_EXERCISE AIM:_ Using the entries that follow, transcribe only the lines from the line with "A-Line/Princess 30D Chiffon" to the line with "Deogarh (35 km)", both included, exactly as they stand and without pictures.

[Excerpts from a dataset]
******
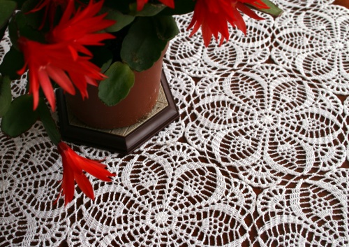 You will need water-soluble Vilene stabilizer and 50- or 60-weight cotton embroidery threads. The finished size of our table topper is about 25".
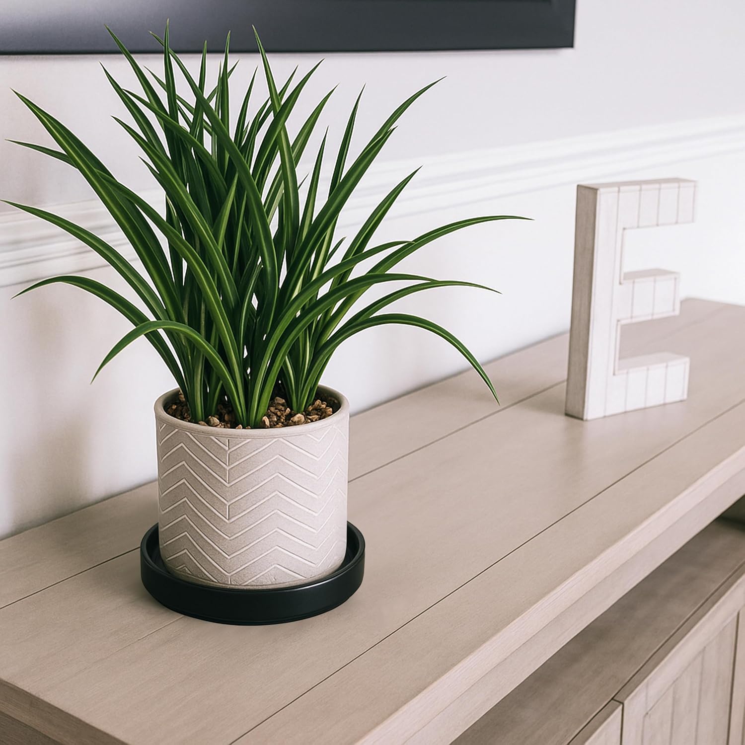 - Elegant Design: Functional and stylish, this round ceramic plant saucer adds a modern touch to any setting.
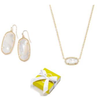 This classic Kendra Scott set includes the Elisa Necklace in Gold with Ivory Mother of Pearl along with the stunning Elle Drop Earrings in the same, beautiful combination. Comes ready to gift in a stylish box
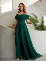 A-Line/Princess 30D Chiffon Ruched Off-the-Shoulder Sleeveless Floor-Length Dresses
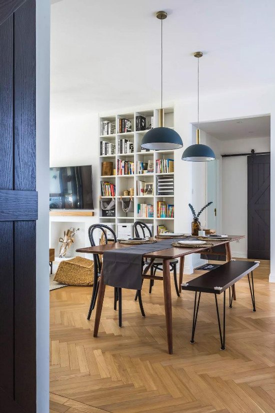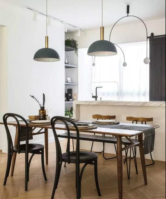 从沙发处往右看是餐厅空间,依旧是浅白色背景+暗色餐桌的对比,空间配色层次明朗也不单调~
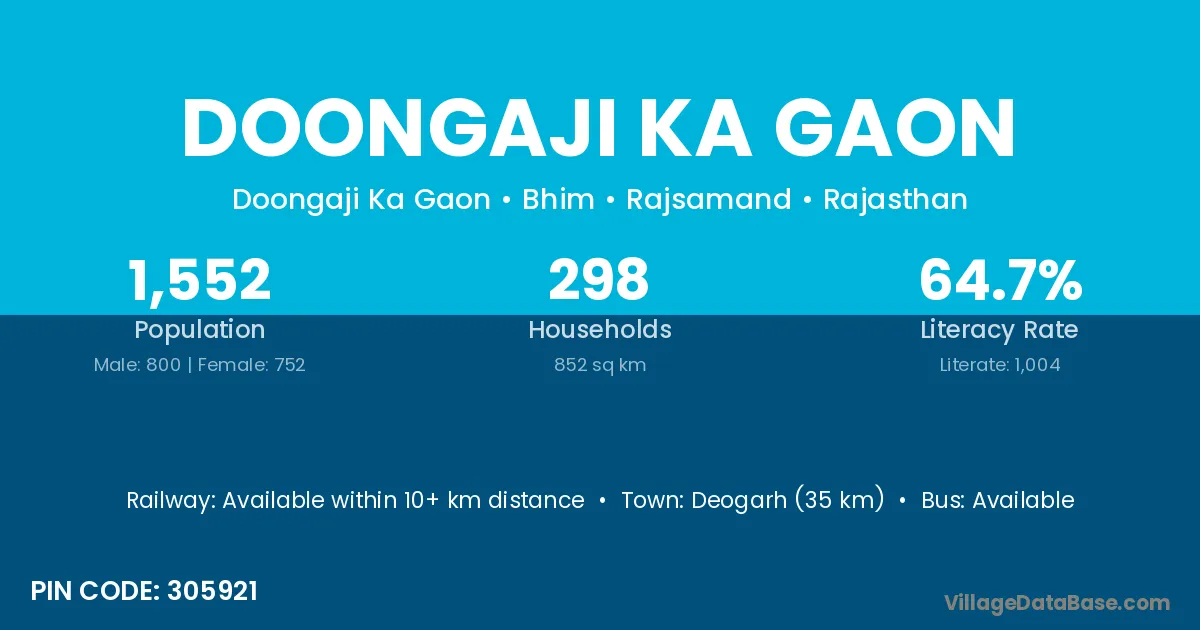 Deogarh (35 km) is the nearest town to Doongaji Ka Gaon village for major economic activities and is located approximately 35 km away.
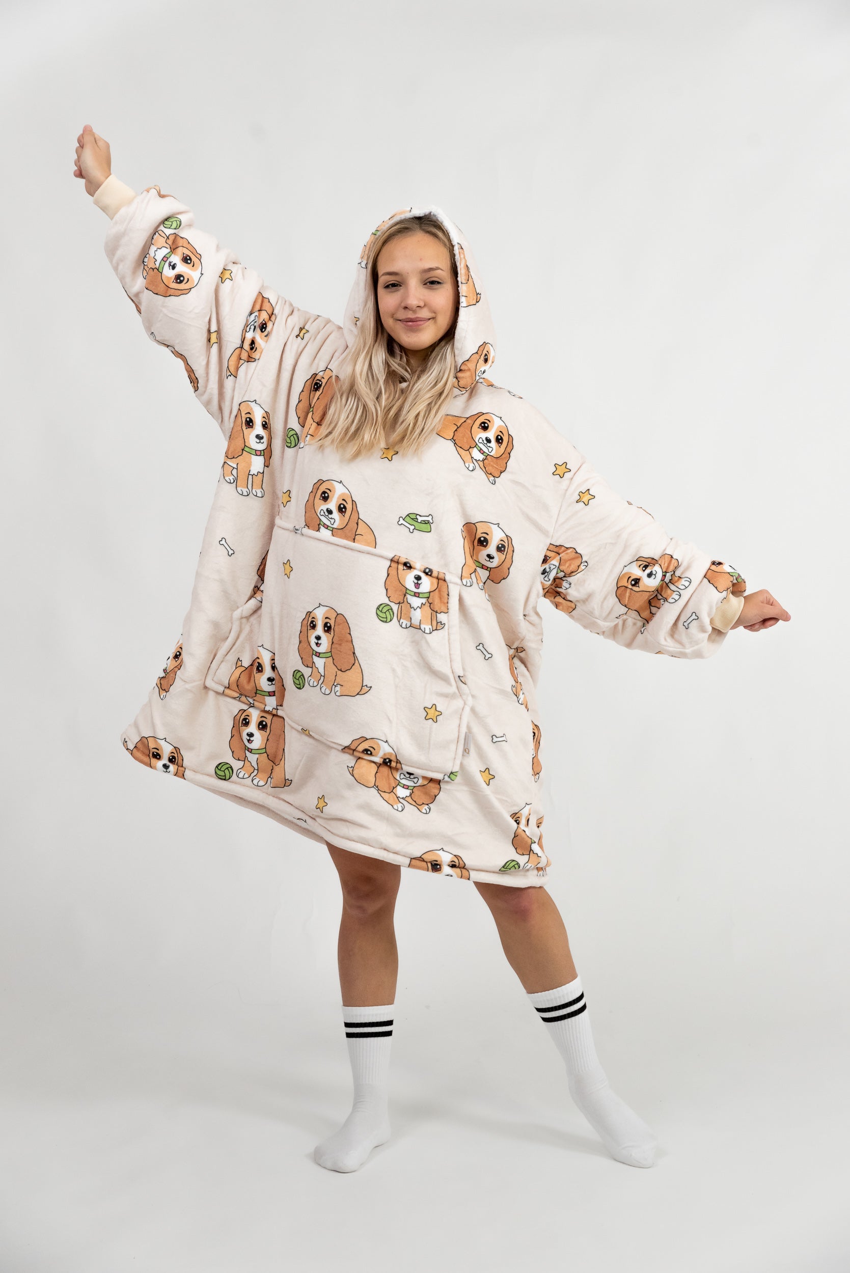 Puló™ je mikina a deka v jednom – stačí si ju obliecť a môžete si užívať pohodlie naplno. Mäkký, hrubý materiál vás zahreje počas oddychu na gauči, sledovania filmu alebo pokojného rána. Žiadne obmedzenia, len maximálne pohodlie pre každý domáci deň.
******
_OUTPUT OF THE TASK:_
 A-Line/Princess 30D Chiffon Ruched Off-the-Shoulder Sleeveless Floor-Length Dresses
 从沙发处往右看是餐厅空间,依旧是浅白色背景+暗色餐桌的对比,空间配色层次明朗也不单调~
 Deogarh (35 km) is the nearest town to Doongaji Ka Gaon village for major economic activities and is located approximately 35 km away.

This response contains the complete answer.